▸ Problem details
Using the data that follows, output only the lines from the line with "La camiseta Robot" up to and including the line with "Компрессионная соединительная муфта", exactly, leaving pictures aside.

---------- Extracted entries

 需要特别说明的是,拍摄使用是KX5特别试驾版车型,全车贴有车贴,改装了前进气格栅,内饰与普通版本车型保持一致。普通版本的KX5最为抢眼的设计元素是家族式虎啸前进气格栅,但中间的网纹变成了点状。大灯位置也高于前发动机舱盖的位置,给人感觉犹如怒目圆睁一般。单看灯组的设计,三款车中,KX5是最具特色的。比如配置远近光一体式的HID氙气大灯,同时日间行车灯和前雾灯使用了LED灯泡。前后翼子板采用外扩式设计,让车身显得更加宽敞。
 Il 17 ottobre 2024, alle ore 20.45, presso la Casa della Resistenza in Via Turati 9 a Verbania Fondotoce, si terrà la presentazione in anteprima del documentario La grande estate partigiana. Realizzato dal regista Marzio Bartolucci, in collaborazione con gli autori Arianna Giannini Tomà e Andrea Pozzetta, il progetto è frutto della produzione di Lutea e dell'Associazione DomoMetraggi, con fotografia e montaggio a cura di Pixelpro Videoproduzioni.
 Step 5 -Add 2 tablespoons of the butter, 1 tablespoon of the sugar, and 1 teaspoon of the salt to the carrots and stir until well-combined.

--------------------
---------- Extracted entries

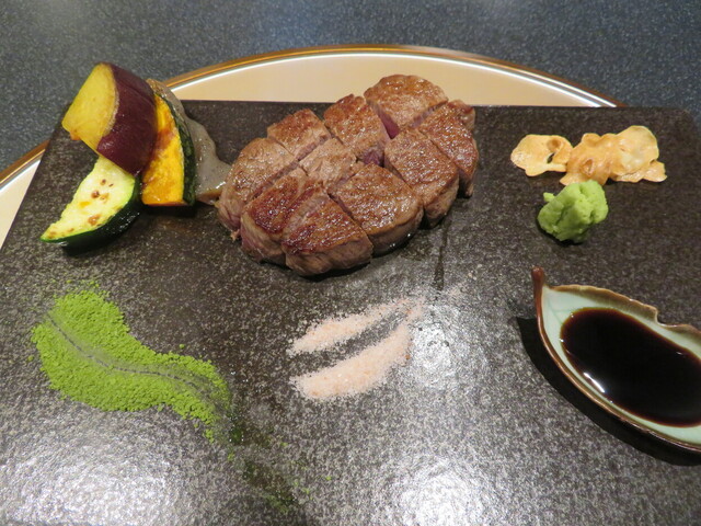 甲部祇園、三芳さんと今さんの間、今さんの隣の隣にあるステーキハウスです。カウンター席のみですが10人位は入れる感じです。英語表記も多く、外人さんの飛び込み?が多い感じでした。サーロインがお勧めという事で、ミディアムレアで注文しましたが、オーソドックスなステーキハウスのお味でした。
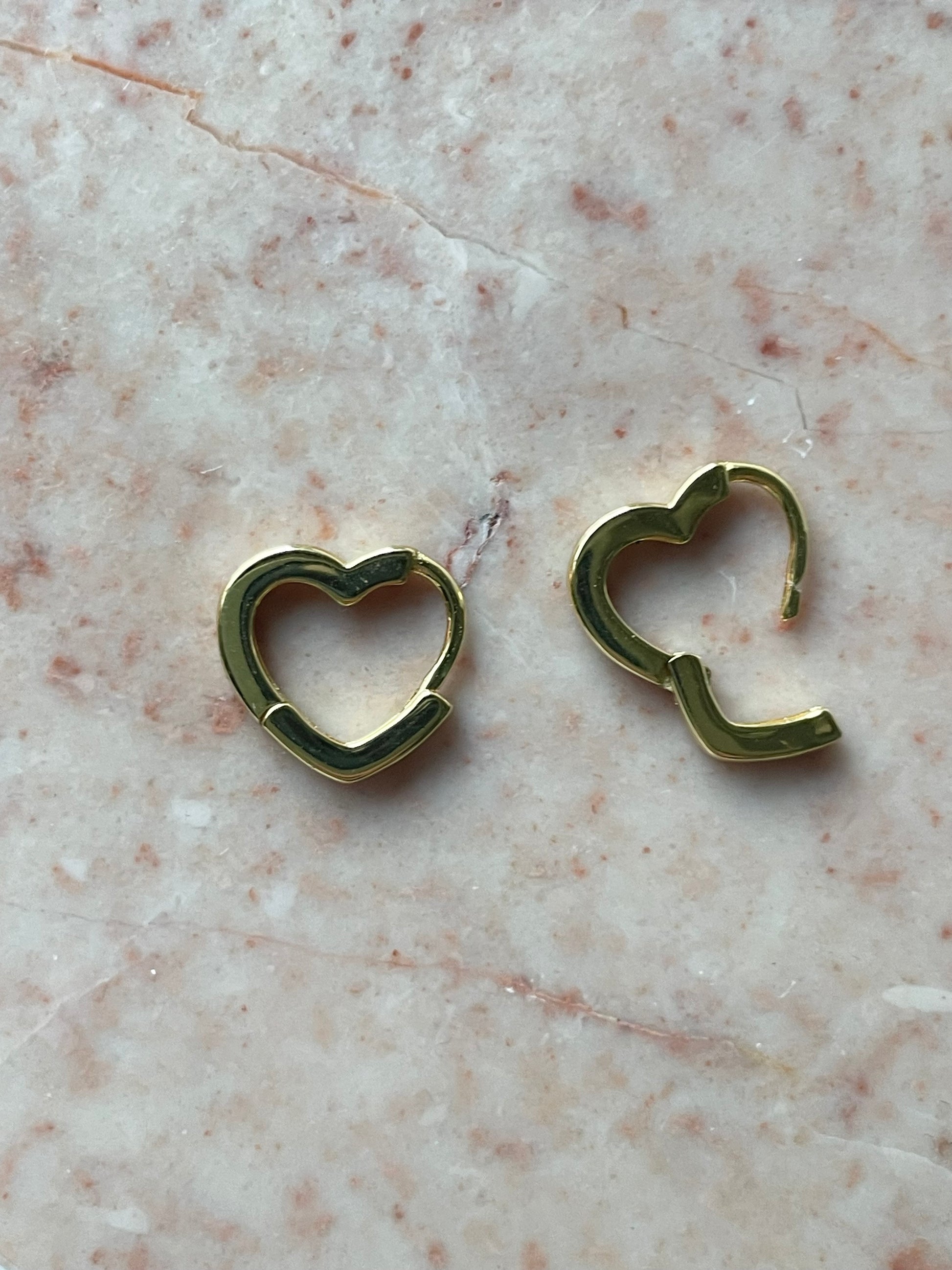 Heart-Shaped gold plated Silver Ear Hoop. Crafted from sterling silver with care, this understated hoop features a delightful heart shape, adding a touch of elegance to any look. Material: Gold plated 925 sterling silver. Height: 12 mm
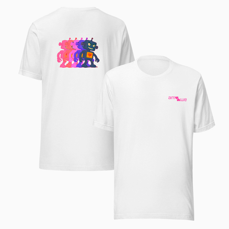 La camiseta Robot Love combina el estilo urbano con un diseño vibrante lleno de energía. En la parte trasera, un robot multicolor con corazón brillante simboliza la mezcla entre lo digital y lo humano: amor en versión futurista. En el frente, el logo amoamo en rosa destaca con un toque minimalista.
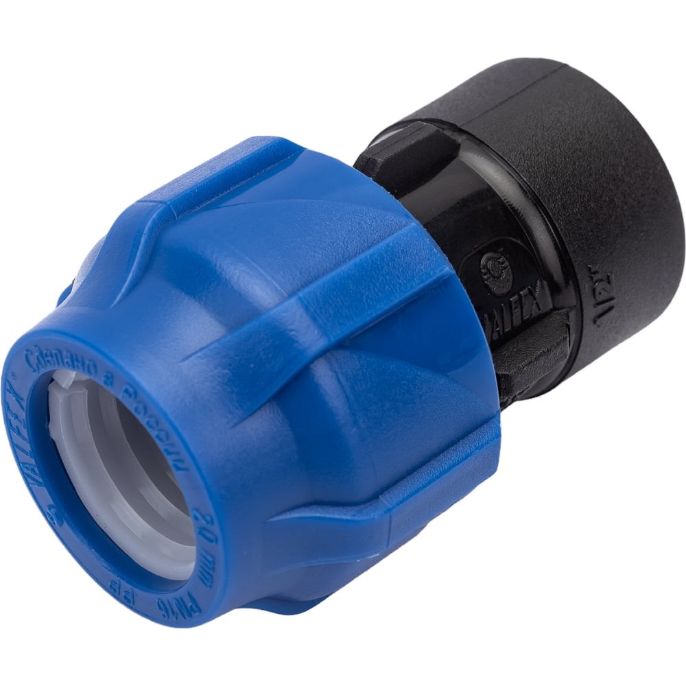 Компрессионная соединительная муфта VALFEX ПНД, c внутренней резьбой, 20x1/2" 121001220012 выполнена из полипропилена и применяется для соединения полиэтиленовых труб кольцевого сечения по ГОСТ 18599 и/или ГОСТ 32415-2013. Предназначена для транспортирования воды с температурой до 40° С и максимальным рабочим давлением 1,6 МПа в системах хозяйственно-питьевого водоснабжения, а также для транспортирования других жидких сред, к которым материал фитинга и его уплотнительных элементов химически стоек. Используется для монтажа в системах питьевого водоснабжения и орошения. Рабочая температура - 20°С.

--------------------

▸ Solution
 La camiseta Robot Love combina el estilo urbano con un diseño vibrante lleno de energía. En la parte trasera, un robot multicolor con corazón brillante simboliza la mezcla entre lo digital y lo humano: amor en versión futurista. En el frente, el logo amoamo en rosa destaca con un toque minimalista.
 Компрессионная соединительная муфта VALFEX ПНД, c внутренней резьбой, 20x1/2" 121001220012 выполнена из полипропилена и применяется для соединения полиэтиленовых труб кольцевого сечения по ГОСТ 18599 и/или ГОСТ 32415-2013. Предназначена для транспортирования воды с температурой до 40° С и максимальным рабочим давлением 1,6 МПа в системах хозяйственно-питьевого водоснабжения, а также для транспортирования других жидких сред, к которым материал фитинга и его уплотнительных элементов химически стоек. Используется для монтажа в системах питьевого водоснабжения и орошения. Рабочая температура - 20°С.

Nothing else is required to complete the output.